Prostate Cancer Surgery Regrets – For Mr B, a 66-year-old man who in 2006 faced early prostate cancer that was detected on prostate-specific antigen (PSA) testing, radical prostatectomy seemed like the right choice. It was a decision he would come to regret.
The case of Mr B speaks to the instability of medical knowledge and how rapidly it changes, as well as the “looping” effects in medicine, say Robert Aronowitz, MD, University of Pennsylvania, Philadelphia, and Jeremy Greene, MD, PhD, Johns Hopkins University, Baltimore, Maryland.
They describe the case in a perspective piece in the New England Journal of Medicine, published September 19 as part of the NEJM’s series on case studies in social medicine.
Aronowitz, who is chair of the Department of History and Sociology of Science at the University of Pennsylvania, elaborates on the case in an NEJM podcast.

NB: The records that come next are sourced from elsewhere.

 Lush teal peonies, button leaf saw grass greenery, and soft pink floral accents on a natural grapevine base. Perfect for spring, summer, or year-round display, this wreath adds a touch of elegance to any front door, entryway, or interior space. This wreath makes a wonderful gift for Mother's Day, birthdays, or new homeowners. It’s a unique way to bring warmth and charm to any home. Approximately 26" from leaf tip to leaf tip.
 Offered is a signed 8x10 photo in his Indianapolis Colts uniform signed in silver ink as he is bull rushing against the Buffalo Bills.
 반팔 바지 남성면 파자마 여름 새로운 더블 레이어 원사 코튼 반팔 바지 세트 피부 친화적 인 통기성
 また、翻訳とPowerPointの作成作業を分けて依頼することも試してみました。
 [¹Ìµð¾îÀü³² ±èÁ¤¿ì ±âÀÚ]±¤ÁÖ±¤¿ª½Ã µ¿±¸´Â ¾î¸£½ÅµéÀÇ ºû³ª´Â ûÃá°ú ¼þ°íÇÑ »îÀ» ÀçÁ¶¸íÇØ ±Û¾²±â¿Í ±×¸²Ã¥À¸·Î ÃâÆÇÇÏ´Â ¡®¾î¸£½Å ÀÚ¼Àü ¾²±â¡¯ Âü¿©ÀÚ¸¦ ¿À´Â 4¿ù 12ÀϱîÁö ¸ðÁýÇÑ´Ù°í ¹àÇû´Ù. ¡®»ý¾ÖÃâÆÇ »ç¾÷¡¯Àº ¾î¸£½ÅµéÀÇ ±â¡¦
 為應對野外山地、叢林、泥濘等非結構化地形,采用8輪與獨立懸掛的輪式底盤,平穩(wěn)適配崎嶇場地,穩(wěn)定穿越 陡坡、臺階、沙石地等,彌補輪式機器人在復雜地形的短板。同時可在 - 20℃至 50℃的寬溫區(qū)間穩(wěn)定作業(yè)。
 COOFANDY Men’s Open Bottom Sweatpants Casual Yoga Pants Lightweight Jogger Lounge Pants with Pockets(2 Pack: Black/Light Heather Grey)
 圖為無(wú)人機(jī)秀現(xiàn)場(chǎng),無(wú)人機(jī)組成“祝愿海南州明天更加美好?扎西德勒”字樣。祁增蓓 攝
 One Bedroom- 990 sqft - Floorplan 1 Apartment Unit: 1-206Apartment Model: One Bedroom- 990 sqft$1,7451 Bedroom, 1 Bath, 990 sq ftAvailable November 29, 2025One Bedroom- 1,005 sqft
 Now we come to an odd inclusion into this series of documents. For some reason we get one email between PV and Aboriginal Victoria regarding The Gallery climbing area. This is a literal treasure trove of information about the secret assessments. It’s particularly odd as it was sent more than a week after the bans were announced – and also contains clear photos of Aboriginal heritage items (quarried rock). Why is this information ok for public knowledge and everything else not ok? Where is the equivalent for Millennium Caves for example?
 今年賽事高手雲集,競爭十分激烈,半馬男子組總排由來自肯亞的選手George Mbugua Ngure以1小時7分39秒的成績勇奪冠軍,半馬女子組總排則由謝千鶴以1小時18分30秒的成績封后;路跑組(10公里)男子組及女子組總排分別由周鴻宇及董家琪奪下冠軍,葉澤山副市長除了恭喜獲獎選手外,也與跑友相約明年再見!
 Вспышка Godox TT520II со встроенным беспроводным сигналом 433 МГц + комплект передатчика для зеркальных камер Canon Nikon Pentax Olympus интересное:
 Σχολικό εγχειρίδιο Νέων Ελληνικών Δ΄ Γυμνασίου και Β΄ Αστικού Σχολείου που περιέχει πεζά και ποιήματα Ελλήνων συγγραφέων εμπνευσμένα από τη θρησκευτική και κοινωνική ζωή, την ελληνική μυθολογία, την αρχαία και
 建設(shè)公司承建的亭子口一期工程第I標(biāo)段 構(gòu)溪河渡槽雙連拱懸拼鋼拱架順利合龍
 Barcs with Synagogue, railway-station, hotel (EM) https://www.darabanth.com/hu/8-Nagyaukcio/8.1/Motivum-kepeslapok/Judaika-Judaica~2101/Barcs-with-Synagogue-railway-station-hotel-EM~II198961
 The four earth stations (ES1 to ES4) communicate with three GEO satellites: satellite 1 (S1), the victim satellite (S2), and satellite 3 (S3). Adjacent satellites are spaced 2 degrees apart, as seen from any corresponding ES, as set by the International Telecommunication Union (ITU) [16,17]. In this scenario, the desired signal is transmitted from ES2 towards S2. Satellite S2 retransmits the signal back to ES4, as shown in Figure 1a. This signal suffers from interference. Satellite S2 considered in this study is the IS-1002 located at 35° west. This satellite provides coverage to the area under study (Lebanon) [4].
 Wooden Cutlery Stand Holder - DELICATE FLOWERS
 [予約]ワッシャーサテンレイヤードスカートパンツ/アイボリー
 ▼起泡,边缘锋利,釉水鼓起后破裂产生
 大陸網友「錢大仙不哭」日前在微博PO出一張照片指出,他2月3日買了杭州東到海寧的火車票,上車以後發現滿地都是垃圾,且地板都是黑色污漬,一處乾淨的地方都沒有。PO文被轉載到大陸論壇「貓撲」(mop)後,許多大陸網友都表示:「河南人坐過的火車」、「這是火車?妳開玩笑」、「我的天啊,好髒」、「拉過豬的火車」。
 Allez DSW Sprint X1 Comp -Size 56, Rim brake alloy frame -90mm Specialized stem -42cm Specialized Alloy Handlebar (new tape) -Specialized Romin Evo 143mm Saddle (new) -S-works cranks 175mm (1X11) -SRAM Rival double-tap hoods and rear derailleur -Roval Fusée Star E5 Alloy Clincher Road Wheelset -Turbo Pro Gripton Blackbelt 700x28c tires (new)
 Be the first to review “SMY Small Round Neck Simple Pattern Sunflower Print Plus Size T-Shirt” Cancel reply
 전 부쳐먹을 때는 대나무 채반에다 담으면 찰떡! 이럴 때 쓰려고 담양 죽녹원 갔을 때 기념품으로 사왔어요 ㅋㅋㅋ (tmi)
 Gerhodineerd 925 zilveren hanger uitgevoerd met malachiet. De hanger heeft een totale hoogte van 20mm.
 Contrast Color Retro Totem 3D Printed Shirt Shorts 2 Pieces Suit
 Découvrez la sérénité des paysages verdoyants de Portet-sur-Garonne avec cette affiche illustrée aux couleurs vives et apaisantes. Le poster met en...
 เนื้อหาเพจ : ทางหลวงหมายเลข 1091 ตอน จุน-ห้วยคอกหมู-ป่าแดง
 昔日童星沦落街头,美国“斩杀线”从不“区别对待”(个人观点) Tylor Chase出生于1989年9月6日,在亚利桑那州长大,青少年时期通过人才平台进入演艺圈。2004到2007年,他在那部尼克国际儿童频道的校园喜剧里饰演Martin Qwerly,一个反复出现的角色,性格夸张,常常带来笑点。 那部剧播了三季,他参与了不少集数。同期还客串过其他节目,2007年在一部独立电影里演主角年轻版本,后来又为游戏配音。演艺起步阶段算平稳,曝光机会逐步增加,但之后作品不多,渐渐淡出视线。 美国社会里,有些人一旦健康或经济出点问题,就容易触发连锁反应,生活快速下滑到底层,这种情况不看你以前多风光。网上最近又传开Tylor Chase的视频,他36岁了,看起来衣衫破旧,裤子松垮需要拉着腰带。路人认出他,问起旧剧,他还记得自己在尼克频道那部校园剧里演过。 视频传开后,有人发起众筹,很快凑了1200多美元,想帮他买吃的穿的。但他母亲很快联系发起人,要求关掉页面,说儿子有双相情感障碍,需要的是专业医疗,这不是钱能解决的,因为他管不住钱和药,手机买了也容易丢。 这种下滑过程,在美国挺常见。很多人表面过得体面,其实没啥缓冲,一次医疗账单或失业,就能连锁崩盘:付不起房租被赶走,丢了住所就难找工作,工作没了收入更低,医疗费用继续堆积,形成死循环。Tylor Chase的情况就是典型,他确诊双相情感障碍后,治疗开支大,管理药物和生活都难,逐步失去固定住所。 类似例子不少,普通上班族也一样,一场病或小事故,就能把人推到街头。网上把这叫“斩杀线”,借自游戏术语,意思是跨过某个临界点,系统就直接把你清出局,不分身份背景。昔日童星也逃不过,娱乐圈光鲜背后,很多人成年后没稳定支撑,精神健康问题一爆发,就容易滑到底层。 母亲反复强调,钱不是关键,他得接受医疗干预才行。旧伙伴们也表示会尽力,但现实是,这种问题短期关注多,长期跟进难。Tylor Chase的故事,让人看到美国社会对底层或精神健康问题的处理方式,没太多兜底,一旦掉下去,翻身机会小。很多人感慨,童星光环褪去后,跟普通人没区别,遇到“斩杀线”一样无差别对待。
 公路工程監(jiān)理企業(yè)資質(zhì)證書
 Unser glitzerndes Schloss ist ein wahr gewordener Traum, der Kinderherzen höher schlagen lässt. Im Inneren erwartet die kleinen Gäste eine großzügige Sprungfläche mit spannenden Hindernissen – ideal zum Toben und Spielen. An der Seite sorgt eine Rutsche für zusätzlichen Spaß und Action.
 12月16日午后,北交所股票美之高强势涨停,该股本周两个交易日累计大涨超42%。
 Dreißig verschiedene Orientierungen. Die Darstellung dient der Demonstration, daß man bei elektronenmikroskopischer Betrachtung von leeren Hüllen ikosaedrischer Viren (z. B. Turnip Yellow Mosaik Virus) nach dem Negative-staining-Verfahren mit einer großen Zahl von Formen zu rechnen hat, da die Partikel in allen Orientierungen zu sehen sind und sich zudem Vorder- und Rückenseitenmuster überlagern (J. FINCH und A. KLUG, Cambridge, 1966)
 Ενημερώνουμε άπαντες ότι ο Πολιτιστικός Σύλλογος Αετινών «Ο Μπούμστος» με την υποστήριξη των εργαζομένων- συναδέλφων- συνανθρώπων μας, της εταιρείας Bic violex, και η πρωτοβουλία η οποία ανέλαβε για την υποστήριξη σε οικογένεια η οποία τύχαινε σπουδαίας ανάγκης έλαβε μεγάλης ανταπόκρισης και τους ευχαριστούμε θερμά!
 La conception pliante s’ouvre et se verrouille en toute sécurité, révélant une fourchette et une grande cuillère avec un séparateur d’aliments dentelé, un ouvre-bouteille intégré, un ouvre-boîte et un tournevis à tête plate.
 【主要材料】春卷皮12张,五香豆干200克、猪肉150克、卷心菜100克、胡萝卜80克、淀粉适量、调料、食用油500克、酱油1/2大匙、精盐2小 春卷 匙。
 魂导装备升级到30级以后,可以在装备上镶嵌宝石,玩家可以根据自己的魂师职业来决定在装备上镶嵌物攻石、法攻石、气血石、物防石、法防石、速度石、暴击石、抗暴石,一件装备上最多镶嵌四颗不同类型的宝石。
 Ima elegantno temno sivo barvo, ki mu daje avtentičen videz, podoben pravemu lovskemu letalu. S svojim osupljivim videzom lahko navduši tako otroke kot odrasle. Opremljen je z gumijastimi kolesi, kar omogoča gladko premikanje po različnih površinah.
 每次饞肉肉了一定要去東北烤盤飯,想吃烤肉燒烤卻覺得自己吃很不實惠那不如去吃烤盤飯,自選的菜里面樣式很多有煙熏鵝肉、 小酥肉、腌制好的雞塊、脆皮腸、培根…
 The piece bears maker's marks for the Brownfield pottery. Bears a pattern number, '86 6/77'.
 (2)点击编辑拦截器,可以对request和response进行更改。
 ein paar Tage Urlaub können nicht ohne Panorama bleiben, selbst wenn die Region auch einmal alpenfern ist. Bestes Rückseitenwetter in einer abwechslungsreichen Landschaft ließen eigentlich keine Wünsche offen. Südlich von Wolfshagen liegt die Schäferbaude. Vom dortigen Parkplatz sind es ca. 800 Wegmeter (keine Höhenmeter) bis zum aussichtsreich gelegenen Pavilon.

Mr B is an economics professor and an “informed patient.” He didn’t make the decision to undergo radical prostatectomy lightly, Aronowitz commented.
Mr B had consulted a medical oncologist and had himself reviewed the literature. He was “moved” by the consensus recommendations at the time (in 2006) that surgery was a “plausible response to a good-prognosis prostate cancer picked up by screening,” Aronowitz said.
Still, Mr B could have been unduly swayed to have the surgery by people around him, Aronowitz suggested. His oncologist sent him two published studies on prostate cancer treatment before he had even met with him.
The studies, which had been conducted before PSA screening had become routine, showed a clear survival benefit with surgery for men with localized cancer. The oncologist recommended either surgery or radiotherapy.
Influenced by the evidence, and perhaps by a colleague’s recent painful death from prostate cancer, as well as his wife’s strong opinion that he should “do everything” to avoid death from prostate cancer, Mr B chose robot-assisted radical prostatectomy.
He suffered predictable, typical side effects ― incontinence in the short run and impotence in the long run.
What Mr B regretted most, said Aronowitz, was that in the years after his surgery, the results of a trial that began after PSA screening had become routine showed no overall survival benefit with surgery over active surveillance for localized disease.
Mr B struggled to understand how the data he’d seen just a few years earlier had made him confident about choosing surgery.
“The rationality of Mr B’s decision to undergo surgery now seemed to be undermined by earlier decisions that he’d made casually: consenting to the initial PSA test and to the biopsy,” Aronowitz said.
Not the Same Playing Field
Approached for comment, Bobby Liaw, MD, medical director, the Blavatnik Family – Chelsea Medical Center at Mount Sinai, in New York City, told Medscape Medical News: “Mr B did all the right things. He spoke to a urologist, he spoke to a medical oncologist and probably was a bit influenced by his own personal experience with a colleague who had prostate cancer.
Ultimately, he made the decision to go for surgery. At the time, it was a reasonable decision. Fast forward a couple of years and the whole landscape changed. It’s not the same playing field.”